To that point, I have experienced many teachers in many workshops insist that food, more so agriculture, is a stretch for the chemistry classroom. That could not be further from the truth! Food and agriculture offer a tangible context to bring chemistry to life. By exploring the chemical processes involved in food production, preservation, and cooking, students can understand the fundamental principles of chemistry in a relevant and engaging manner. They can examine the interactions between acids and bases in fermentation, the role of enzymes in digestion, the chemical reactions behind food spoilage, and the transformations that occur during cooking and baking. Additionally, students can investigate the chemistry of soil, fertilizers, pesticides, nutrient cycles, and crop growth, gaining insights into the chemical components that impact agricultural practices and their environmental consequences. Understanding the chemistry of food and agriculture not only fosters scientific curiosity but also highlights the practical applications of chemistry in everyday life, enabling students to make informed decisions about the food they consume and the agricultural practices that shape our world.

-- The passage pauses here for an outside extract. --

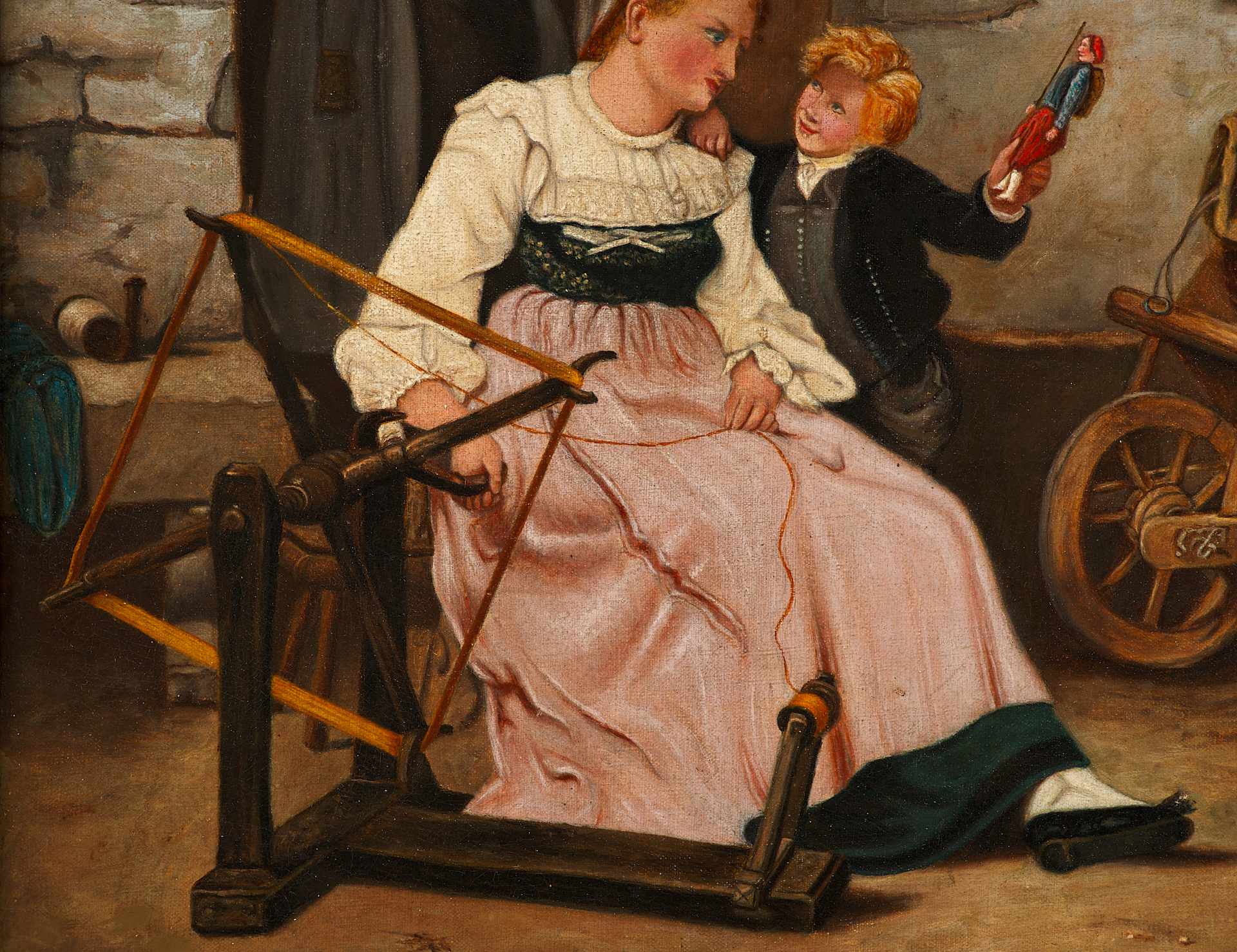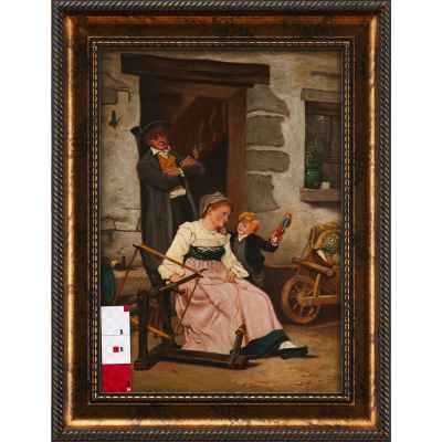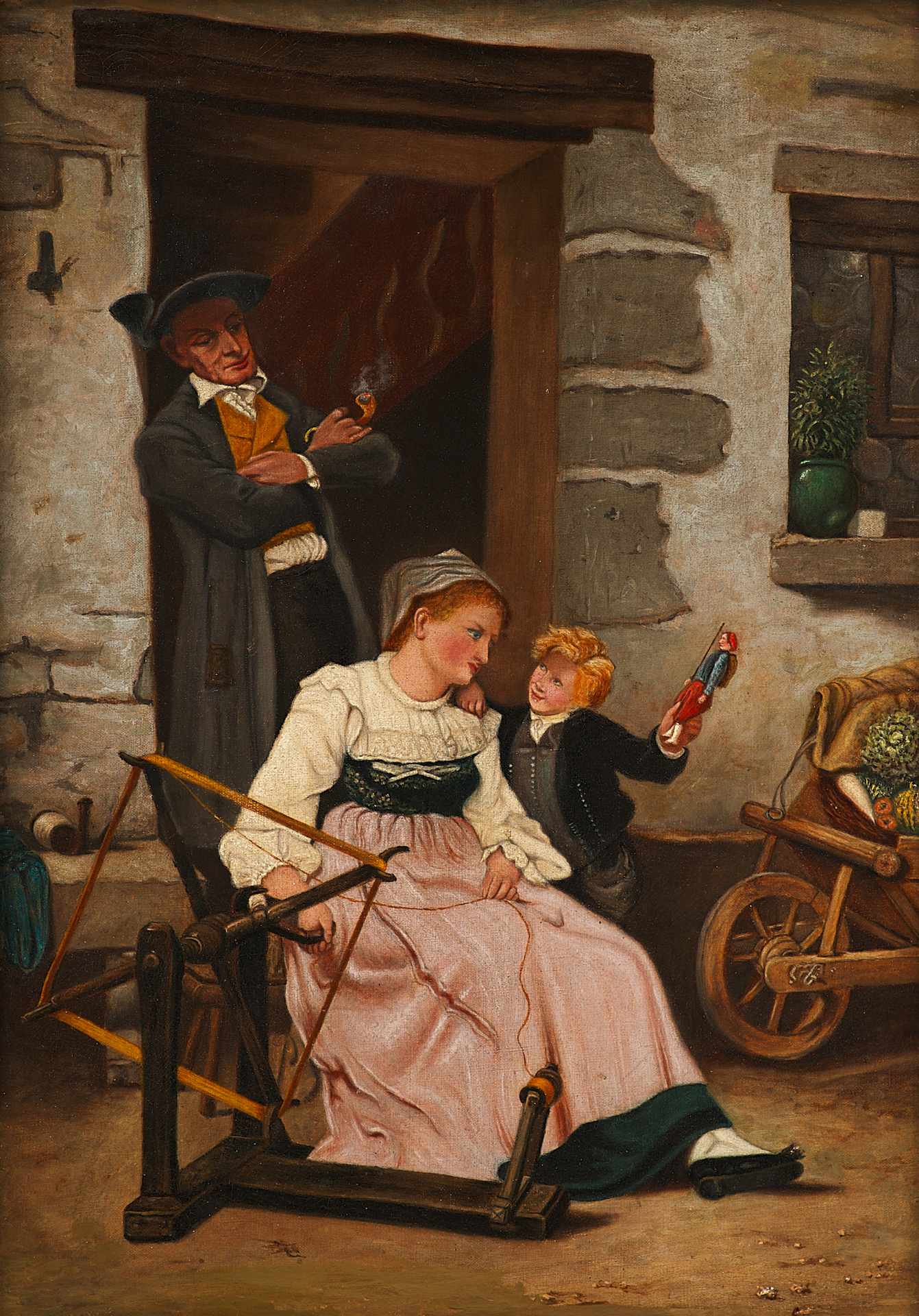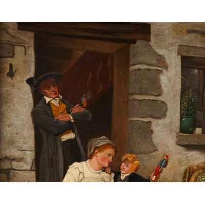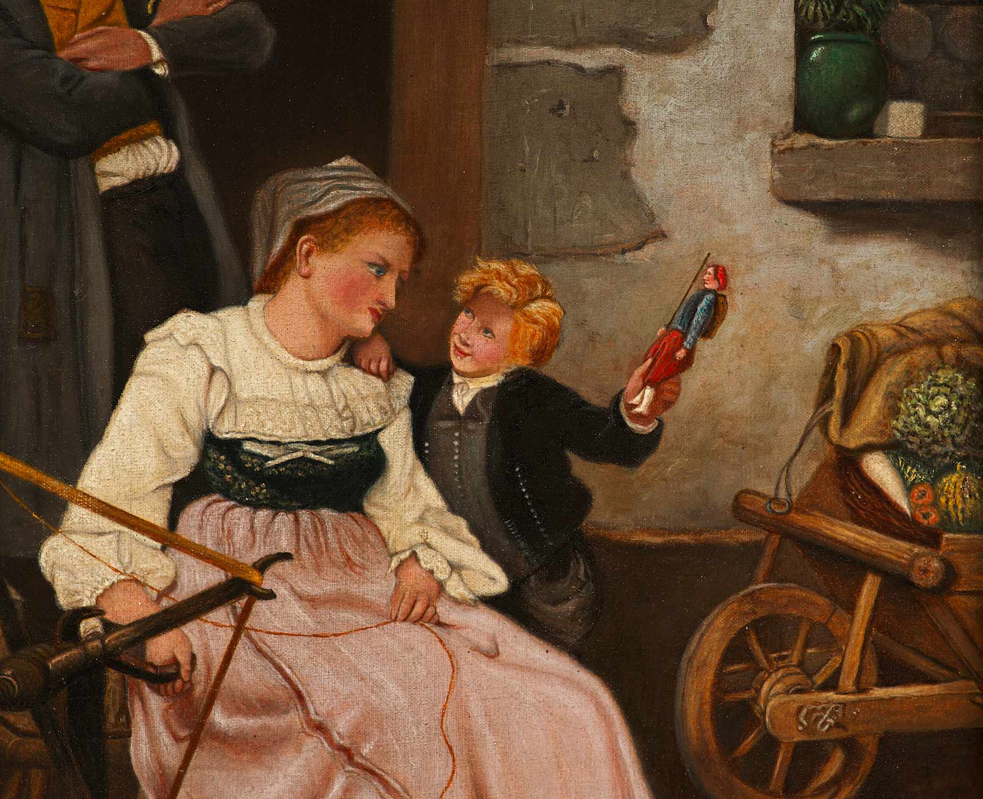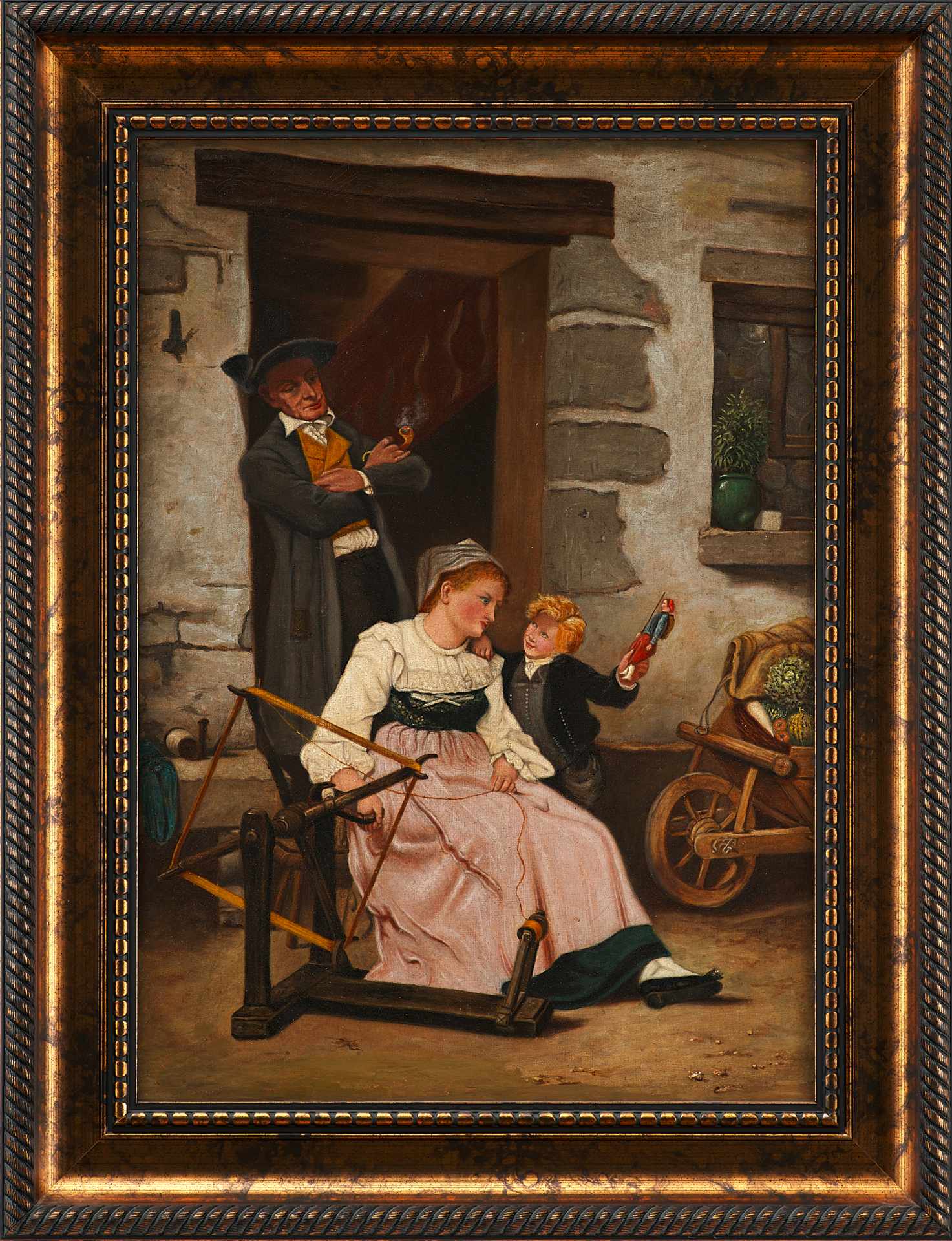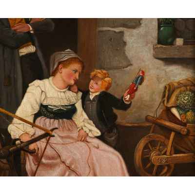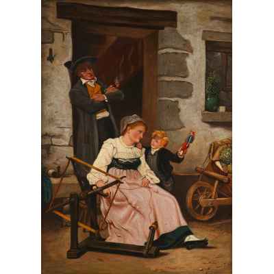 Изображена сценка из повседневной жизни. Женщина наматывает шерсть и разговаривает с сыном, который показывает ей игрушечного солдатика в костюме французского зуава; за ними у открытой двери стоит мужчина с трубкой в руке (вероятно, ветеран наполеоновских войн).

The cycling of nutrients provides us with ample phenomena from which to approach chemistry instruction. For instance, eutrophication and hypoxia can be used to illustrate the chemical processes involved in nutrient cycling and oxygen depletion in aquatic ecosystems. Students can explore the role of nitrogen and phosphorus as nutrients in promoting algal growth, leading to eutrophication, and the subsequent biochemical reactions involved in decomposition, which deplete oxygen levels. Through exploring these processes, students can make sense of the complex chemical interactions underlying environmental systems, enhancing their understanding of the crucial role chemistry plays in comprehending and mitigating ecological challenges.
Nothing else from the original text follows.